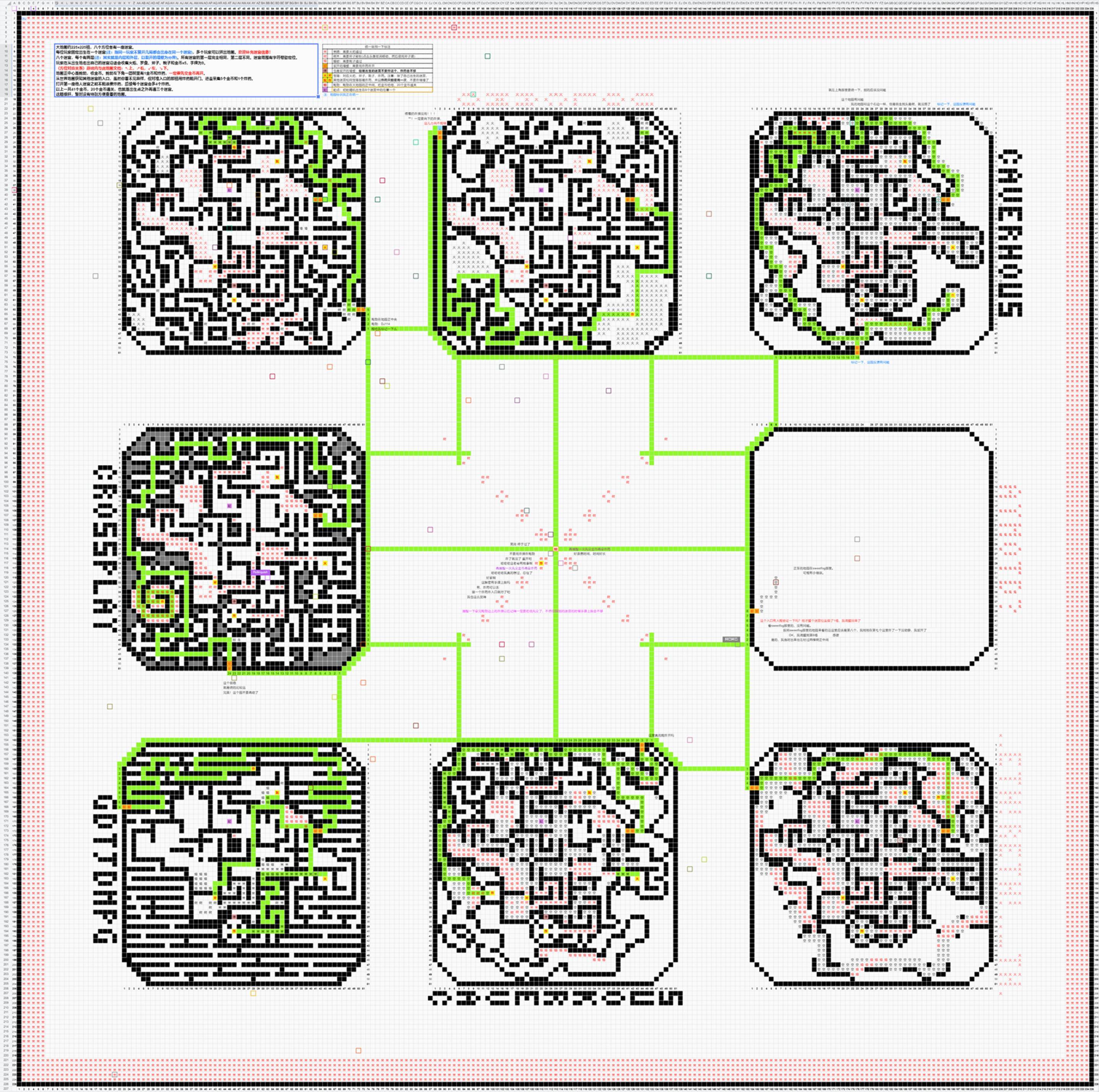 由于不同玩家会出生在不同的房间或者说迷宫里,人们需要通过合作拼出整张地图,然后才能进得了其他迷宫,所以我想给玩家一些标识物,也就是每个迷宫的名字。所以我在地图上画出了各个迷宫的名字,比如“CAVERNOUS”迷宫就满是洞穴,“SUONREVAC”迷宫则不仅名字反过来,迷宫的很多地方也是反了一反的。
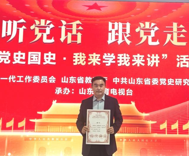 近日,由省关心下一代工作委员会、省教育厅、省委党史研究院、团省委联合举办的2025年“党史国史·我来学我来讲”活动获奖名单正式公布,18av党委副书记、副院长蘧广震的作品《歌舞颂经典 艺心永向党》从5000余件参赛作品中脱颖而出,获一等奖并受邀参加由山东教育电视台录制的展演和颁奖仪式。省关工委主任高新亭等相关领导出席并为获奖代表颁奖。
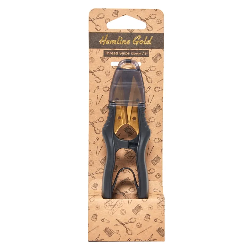 Cortahilos negro de la marca Hemline Gold con cuchillas doradas de acero inoxidable extra afiladas.
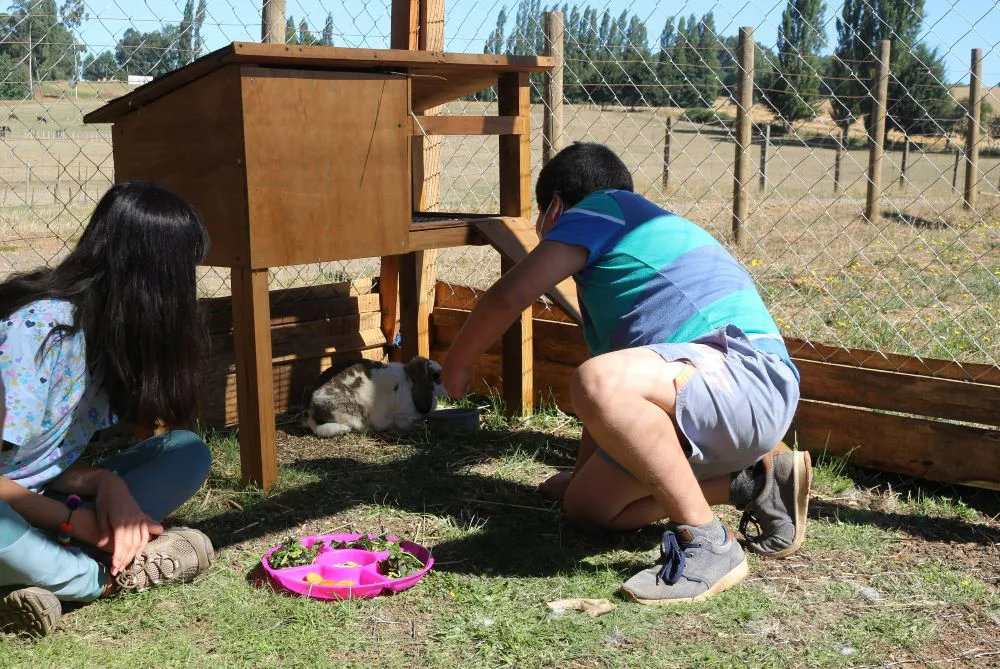 Gracias a la gestión del equipo regional del Servicio Nacional de Protección Especializada a la Niñez y Adolescencia, Mejor Niñez, un grupo de niños y niñas que se encuentran en residencias familiares realizan particulares sesiones terapéuticas con el aporte de animales de granja.
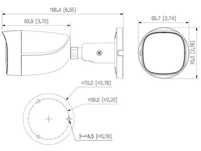 - Dimensiones del producto: 166,4 mm × 69,7 mm × 70,0 mm

########

◆ Goal of the exercise:
For this exercise, return the material word for word and drop each image.

◆ Exercise answer:
 由于不同玩家会出生在不同的房间或者说迷宫里,人们需要通过合作拼出整张地图,然后才能进得了其他迷宫,所以我想给玩家一些标识物,也就是每个迷宫的名字。所以我在地图上画出了各个迷宫的名字,比如“CAVERNOUS”迷宫就满是洞穴,“SUONREVAC”迷宫则不仅名字反过来,迷宫的很多地方也是反了一反的。
 近日,由省关心下一代工作委员会、省教育厅、省委党史研究院、团省委联合举办的2025年“党史国史·我来学我来讲”活动获奖名单正式公布,18av党委副书记、副院长蘧广震的作品《歌舞颂经典 艺心永向党》从5000余件参赛作品中脱颖而出,获一等奖并受邀参加由山东教育电视台录制的展演和颁奖仪式。省关工委主任高新亭等相关领导出席并为获奖代表颁奖。
 Cortahilos negro de la marca Hemline Gold con cuchillas doradas de acero inoxidable extra afiladas.
 Gracias a la gestión del equipo regional del Servicio Nacional de Protección Especializada a la Niñez y Adolescencia, Mejor Niñez, un grupo de niños y niñas que se encuentran en residencias familiares realizan particulares sesiones terapéuticas con el aporte de animales de granja.
 - Dimensiones del producto: 166,4 mm × 69,7 mm × 70,0 mm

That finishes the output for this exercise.